[poppler] [patch] control of word breaks for PDF, request for comments

Mon Mar 12 18:29:54 PDT 2012

Thanks for the comment.

I have probably said it somewhere already, but IMO somebody
knowledgeable in the poppler/Xpdf/PDF should try to first create an
infrastructure to reuse the word break mechanism. And the text
coalescing (which is, if calibre trouble tickets is any indication, is
more sensitive area (*)). It is being reimplemented - and every time
slightly differently - in literally every OutputDev. It is probably
the time not spent best, unless of course it helps in the end to
figure out the requirements for such word breaking/character
coalescing utility.

Such change is unfortunately beyond my knowledge in the matters: I'm
not much versed in the PDF structure and most of the GfxState is still
deep mystery to me.

(*) One of the /popular/ problems is (or was? hard to track the
progress) that at times pdftohtml, during (I presume) coalescing,
thinks that in "ll" (two lower case Ls) the second 'l' is in fact a
shadow/etc of the first, and "merges" them by removing the second.
E.g. after conversion people end up in text with "tel" instead of
"tell".

On 3/12/12, Josh Richardson <jric at chegg.com> wrote:
> Given the simplicity of the fix, I think this is a great addition.
>
> FWIW, there are other things we can do to correctly identify spaces
> without trial and error -- for instance, the threshold should not be
> fixed, but should depend upon the current character spacing, word-spacing,
> and width of the "space" character (if present in the selected font.)  My
> colleagues and I have had some success automating using some of these
> metrics.
>
> --josh
>
> On 3/12/12 3:45 PM, "Ihar `Philips` Filipau" <thephilips at gmail.com> wrote:
>
>>Hi All!
>>
>>Some time ago I have encountered a document (can be provided privately
>>via e-mail on request) which had a strange problem: spacing between
>>some characters in words was uneven. Some sort of broken kerning or
>>some such.
>>
>>When I tried to convert the PDF into HTML/XML, I have noticed that the
>>extra distance between characters was causing pretty much all PDF
>>conversion and reading tools to not recognize the words as words - but
>>instead as two or more words.
>>
>>I have spent several weeks trying to salvage the document and I've
>>done it. Result of the work led me to try to hack on the poppler and
>>see if I can make that task somehow easier.

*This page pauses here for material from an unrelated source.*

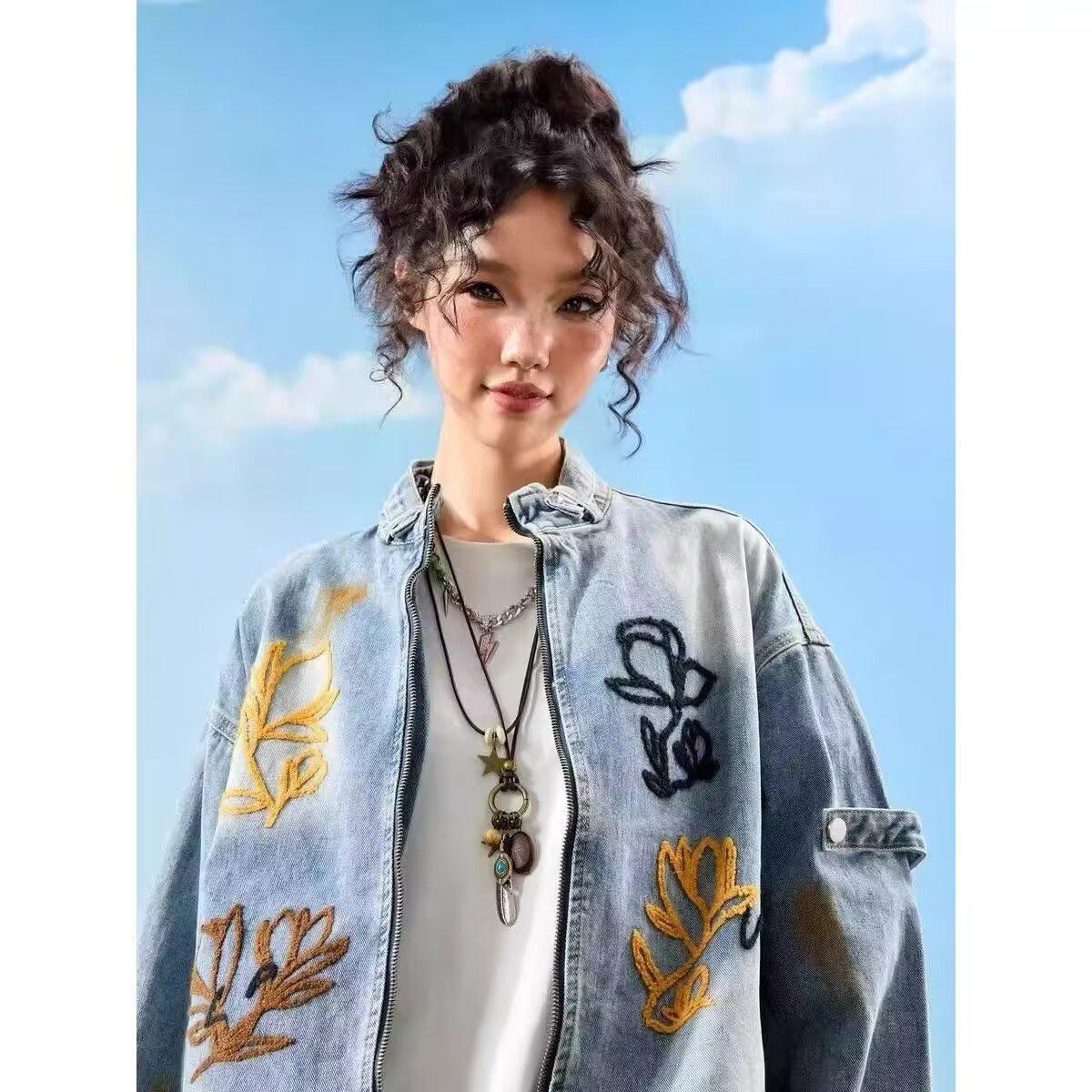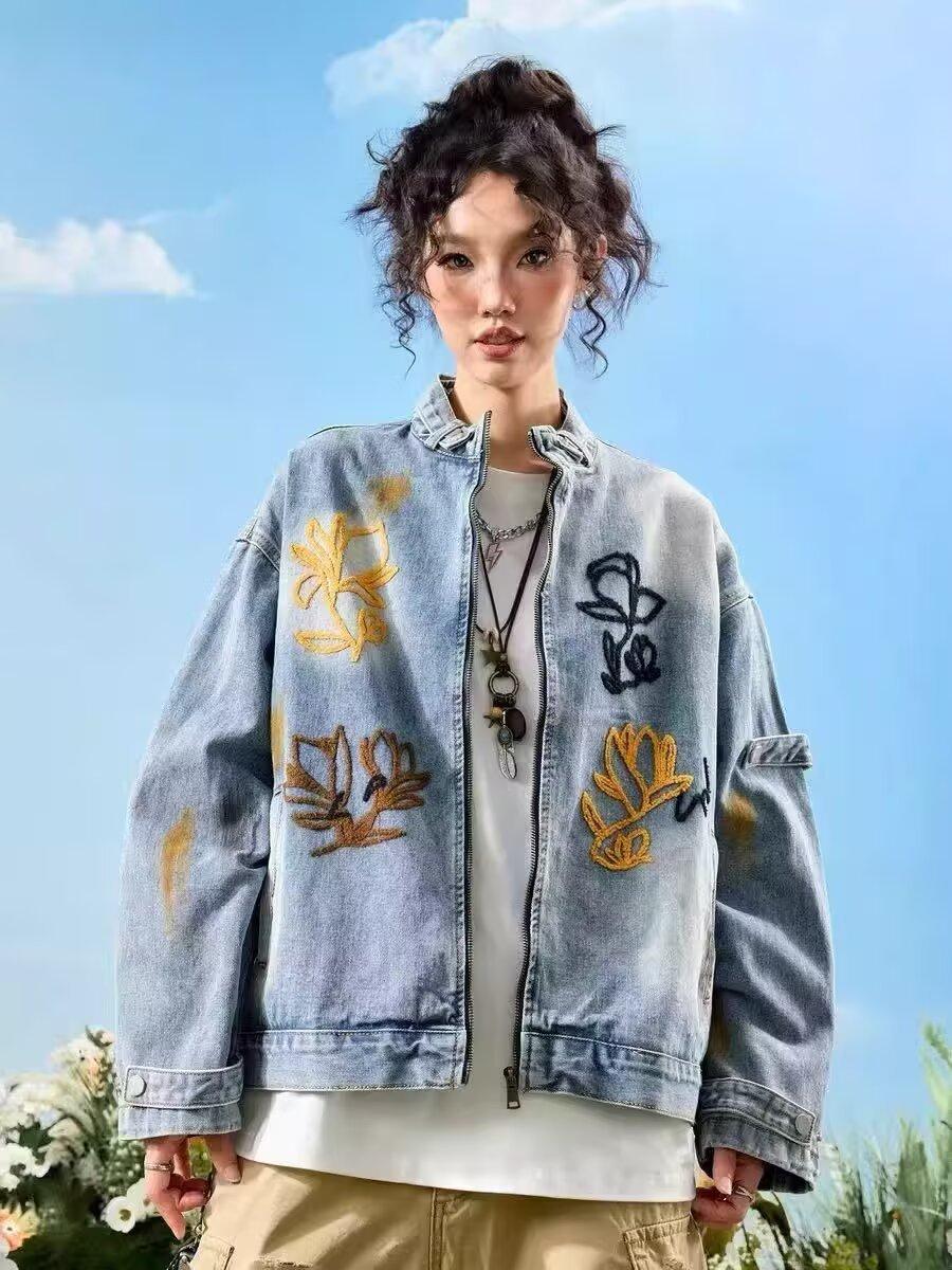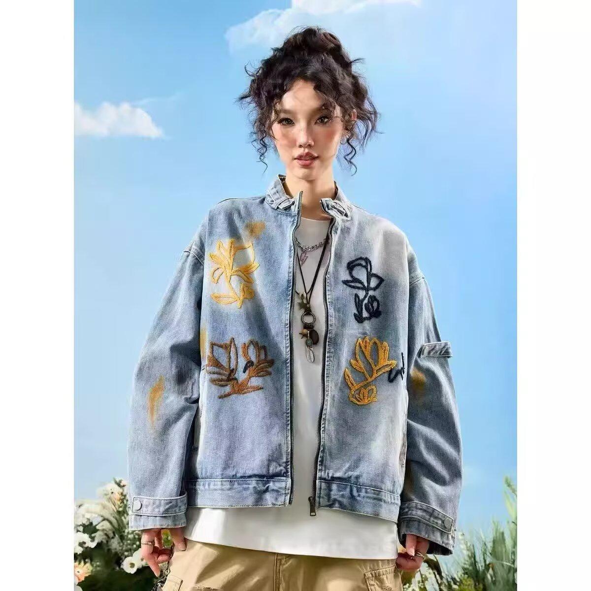 Chamarra de mezclilla con estampado floral retro americano para hombre y mujer 2025 otoño lavado desgastado holgada cuello vuelto ropa exterior

The result is the pretty
>>simple patch for pdftohtml attached to the bug:
>>
>>https://bugs.freedesktop.org/show_bug.cgi?id=47022
>>
>>It introduces a command line option to adjust the normally hard coded
>>the coefficient 0.1 used to detect when word break should occur.
>>
>>One one side, the patch somehow doesn't fit the whole picture:
>>apparently pretty much all tools use the 0.1 coefficient for breaking
>>up words.
>>
>>On the other side, it would be IMO good to have at least one tool
>>capable of salvaging such documents. The alternative is lengthy and
>>tedious menial proof-reading and editing.
>>
>>Does the community have any opinion on the topic in general or the
>>patch in particular?
>>
>>Thanks.
>>_______________________________________________
>>poppler mailing list
>>poppler at lists.freedesktop.org
>>http://lists.freedesktop.org/mailman/listinfo/poppler
>>
>
>

-- 
Don't walk behind me, I may not lead.
Don't walk in front of me, I may not follow.
Just walk beside me and be my friend.
    -- Albert Camus (attributed to)